Friday, November 9, 2012

You Just Might Be a Plant Nerd....

...when a trip to your local vascular plant and mycological herbarium is the most exciting thing that can happen to you in a week.

When the Fletcher Wildlife Garden volunteers were invited to tour the National Vascular Plants Herbarium and the National Mycological Herbarium, I jumped at the chance!

An herbarium is a collection of dried plant specimens that have been mounted onto paper, or sometimes preserved in alcohol, labelled with pertinent information and collected for scientific study. Properly preserved, herbaria can last for hundreds of years. The oldest herbaria date back to the 1600's.

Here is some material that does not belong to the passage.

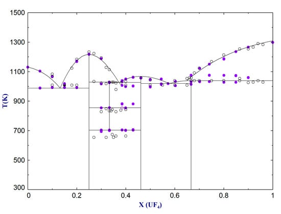4.2. Phase Equilibria Determination of the Pseudo-Ternary NaF-KF-UF4 Mixtures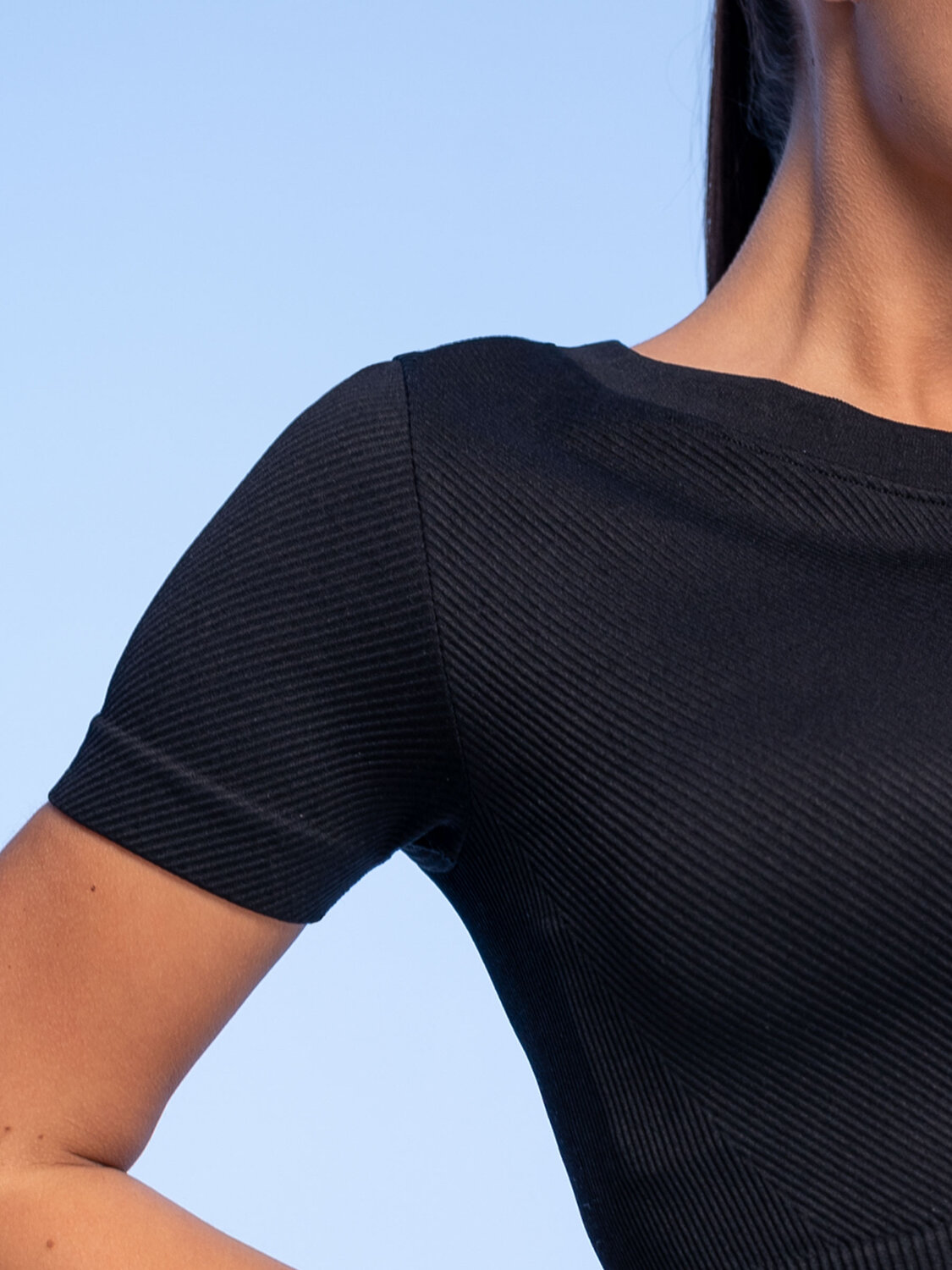 Спортивная женская футболка из эластичной и плотной микрофибры. Майка приталенного силуэта с короткими рукавами и округлым вырезом горловины выполнена из материала с оригинальным ритмом рубчика – стильно и женственно. Футболка укороченная женская для фитнеса и йоги сделает тренировки легкими, движения свободными, а занятия спортом в радость. Комфортная майка для женщин подходит для тренировок и для занятий в тренажерном зале, пилатеса, для бега, для йоги и фитнеса, занятий танцами и прогулок. Футболка однотонная, без принта, неприхотлива в уходе. В составе ткани полиамид и эластан – топ легко стирается и быстро сохнет, надолго сохраняет первоначальные форму и цвет, не просвечивает. Спортивная одежда для девушек прочно вошла в современные образы, стирая грань между повседневной и одеждой спортивного стиля. Модная футболка – это не просто одежда для фитнеса, это базовая вещь в женском гардеробе. Подходит женщинам, девушкам, девочкам-подросткам. В линейке представлены следующие размеры: XS-S (42-44), M-L (46-48). Футболку можно надевать под пиджак, под рубашку, в качестве первого слоя под одежду. Модель представлена в трёх цветах: синяя футболка, фиолетовая и чёрная. Она отлично сочетается с джинсами, спортивными легинсами, велосипедками. Идеальная футболка для спорта. Прекрасный подарок маме, сестре или подруге на любой праздник. Выбирайте нужный размер по таблице размеров на фото. Цвет товара на экране вашего устройства может отличаться от цвета изделия вживую.

In Ottawa, the plant and mycological herbaria  are housed in the William Saunders building, on the the Central Experimental Farm.  
The plant herbarium houses a million and a half species, representing 20% of the world's plant population and 61% of Canada's. The focus of the collection is on cultivated, agricultural plants. The oldest specimen in this collection dates to 1820.
We got to see some archival mounting action! (I deeply want to believe that these researchers have all kinds of corny [Ha!  Corny. Agricultural plant.  Get it?]  jokes about their job. There's got to be a cheeky one for how many botanists does it take to mount a plant specimen?) Anyway...

The researchers who work here do some really quite fascinating work. They collaborate with the Canadian Food Inspection Agency to identify unknown plant specimens crossing the border, that may be invasive and are involved with issuing phyto-sanitary certificates to companies shipping foodstuffs and other plant based goods. They've also worked in the past with the RCMP in getting a conviction for growing marijuana by being able to identify the root of the plant. And our tour guide shared the story of when they assisted in a murder case where the victim was taken by car from a golf course to the forest and they were asked to identify the plant matter caught in the wheel rims of the car. They IDed over 50 species.
Next we headed to the fungal collection, where 350,000 specimens are housed including the John Dearness collection.
The collections are kept in a climate controlled environment to help preserve the specimens, and the smell of moth balls in the air was evident.
The herbaria are currently in the process of establishing an electronic database of the collections.  What a job that must be!
I loved these giant puffball specimens.
I was thrilled to have the opportunity to tour these facilities and have a peek inside a world that your average citizen rarely has the chance to see.  Now I think I might just have to get myself a plant press!

2 comments:

J.Garlough said...

Wow, that's crazy cool! Here I am signing mushroom ID books out of the library like a sucker when actual specimens are just down the street.

How did they preserve those mushroom samples? They just cut them then press them?

Amber said...

I think that mushroom sample was quite old. The process is pretty simple. Slice, press, dry and mount. With many mushrooms they preserve the whole specimen and keep them in boxes. The facility has dehydrators that they use for new specimens coming in. Really cool stuff!